Eduard Basurin, a spokesman for the self-proclaimed Donetsk People's Republic, told Russian state television on Sunday that Russian forces might resort to chemical weapons to finish the job.
"There are subterranean floors there, therefore to take said object by force makes no sense. Because we could allocate a large number of our soldiers, and the enemy will not suffer such losses," he told Channel 1.
"Therefore at the moment, we need to deal with the blockage of this factory, we need to find exits and entrances, in principle, it can be done. And after that I think we need to turn to chemical forces, which will find a way to smoke moles out of their holes."
As of Monday afternoon, both Western and Ukrainian officials insisted the battle was not over.
The Ukrainians, and particularly Azov's slick media operation, are still posting footage of their successes, to tell the country and the world that they are still fighting.
As recently as Friday, they released footage of a soldier firing an anti-tank missile at an armoured vehicle from the roof of a building.
On Monday, they published fresh footage purporting to show a Ukrainian mortar strike on Russian vehicles in the courtyard of a bombed-out apartment building.
There is no shortage of similar footage claiming success on pro-Russian media, however.

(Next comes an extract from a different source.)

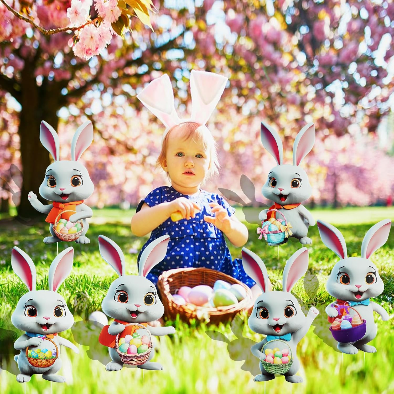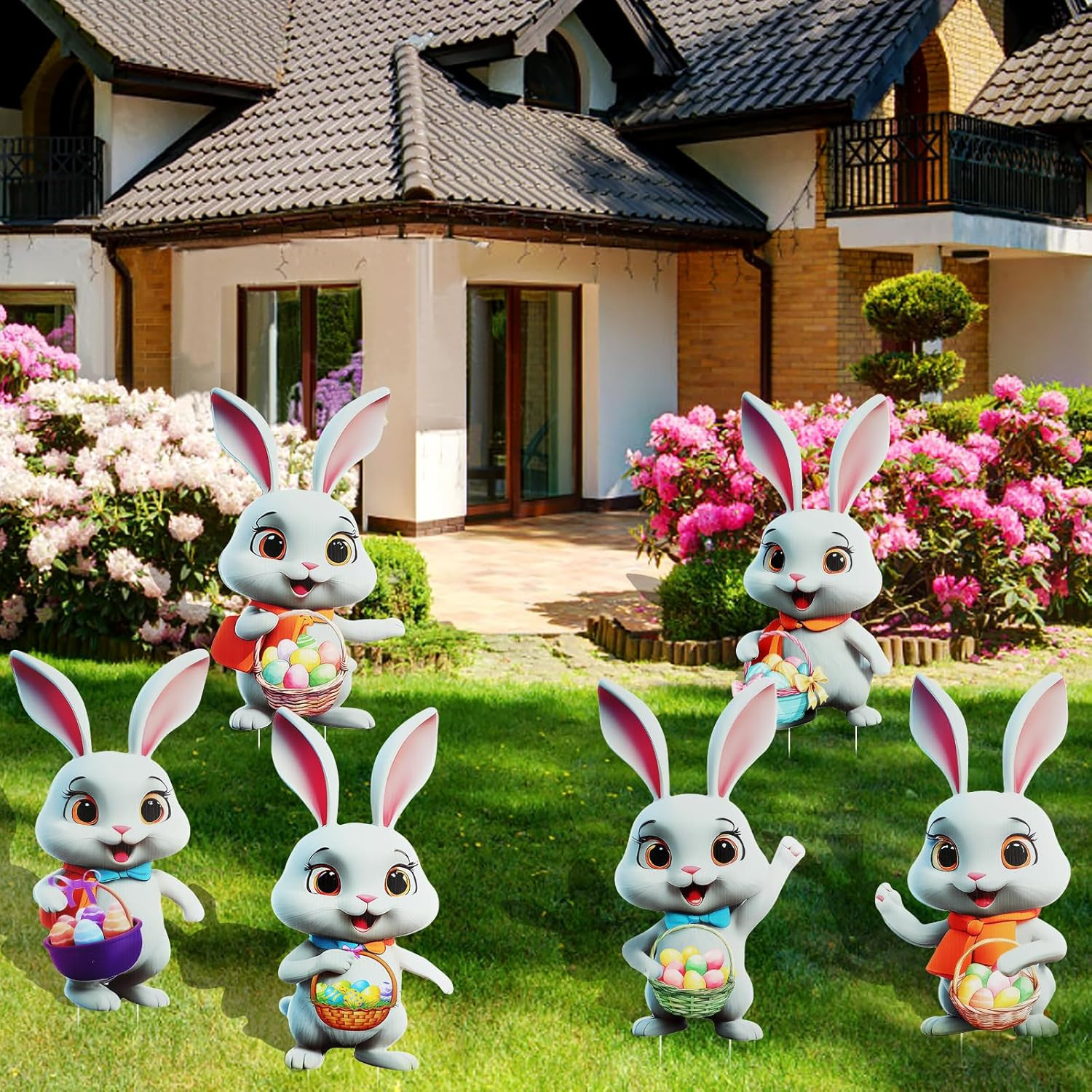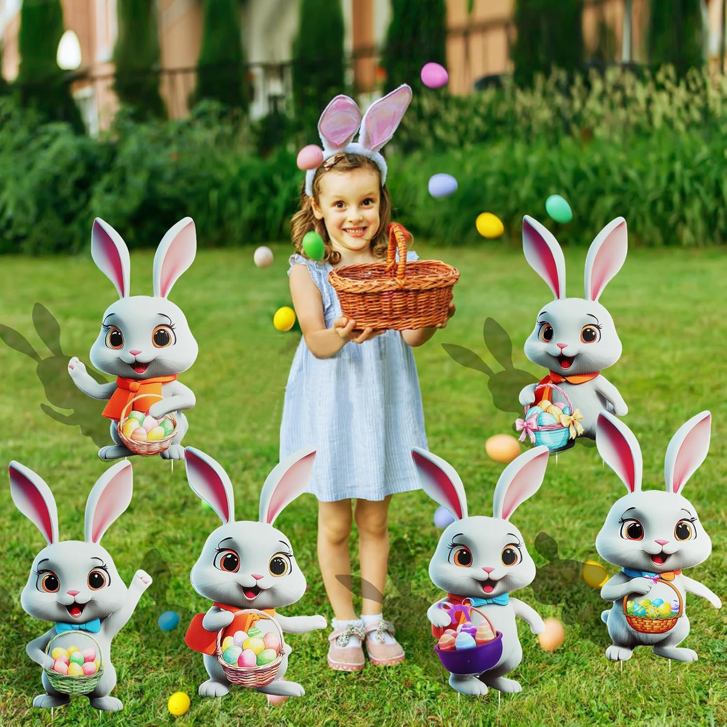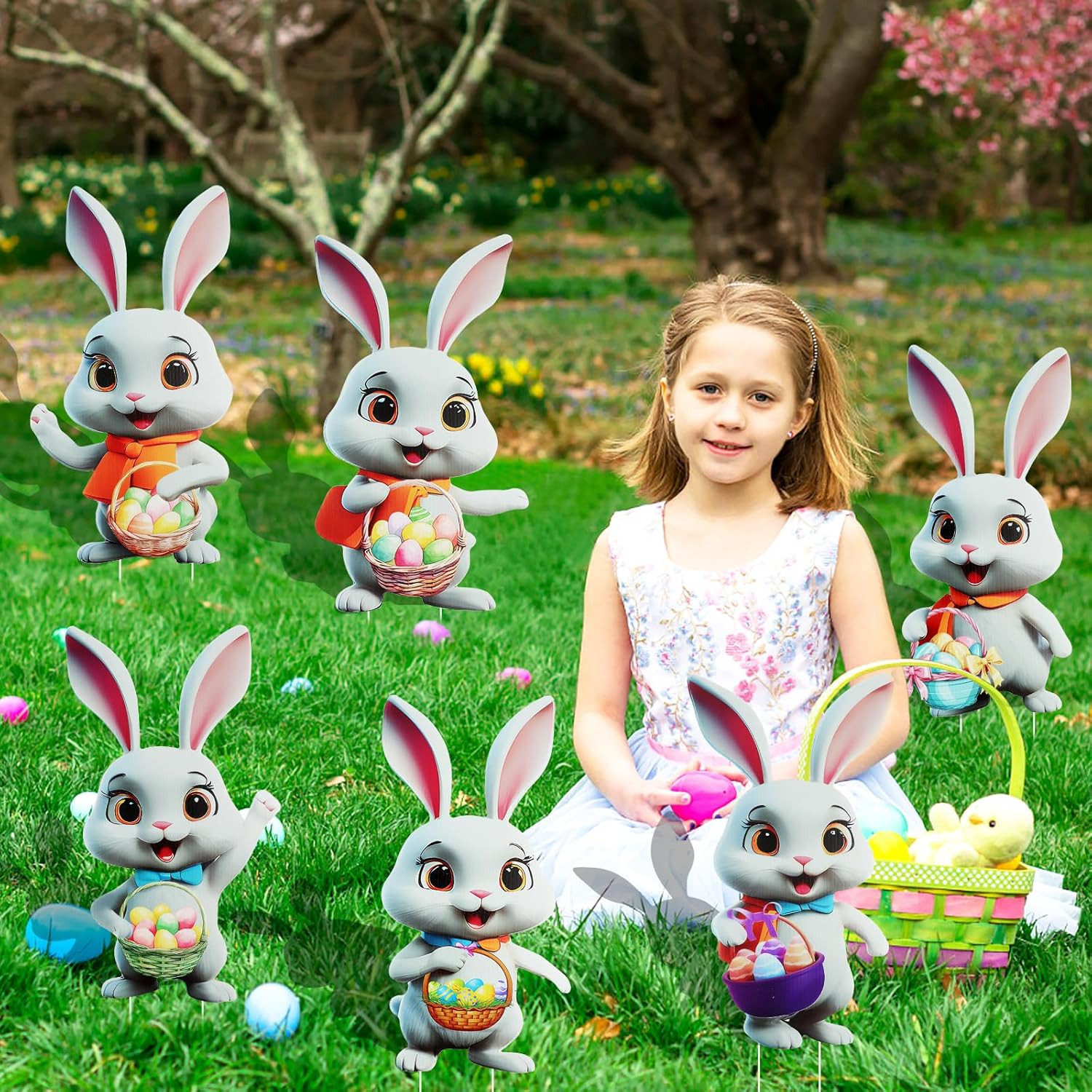6Pcs Easter Bunny Yard Signs Outdoor Easter Bunny Yard Decorations Outdoor Bunny

Semyon Pegov, who runs the pro-Russian outlet War Gonzo, posted a video of himself on the waterfront near Mariupol port, the centre of one pocket of resistance.
Smoke and flames could be seen rising in the distance. "The city is burning. Fighting continues," he said.
He claimed the Ukrainians were being pushed to the far corner of the port facility and predicted they would either "surrender, die or try to break out" in "not weeks, really a matter of days."
It is clear the Russians are making progress. But that is a prediction the defenders will seek to once again defy.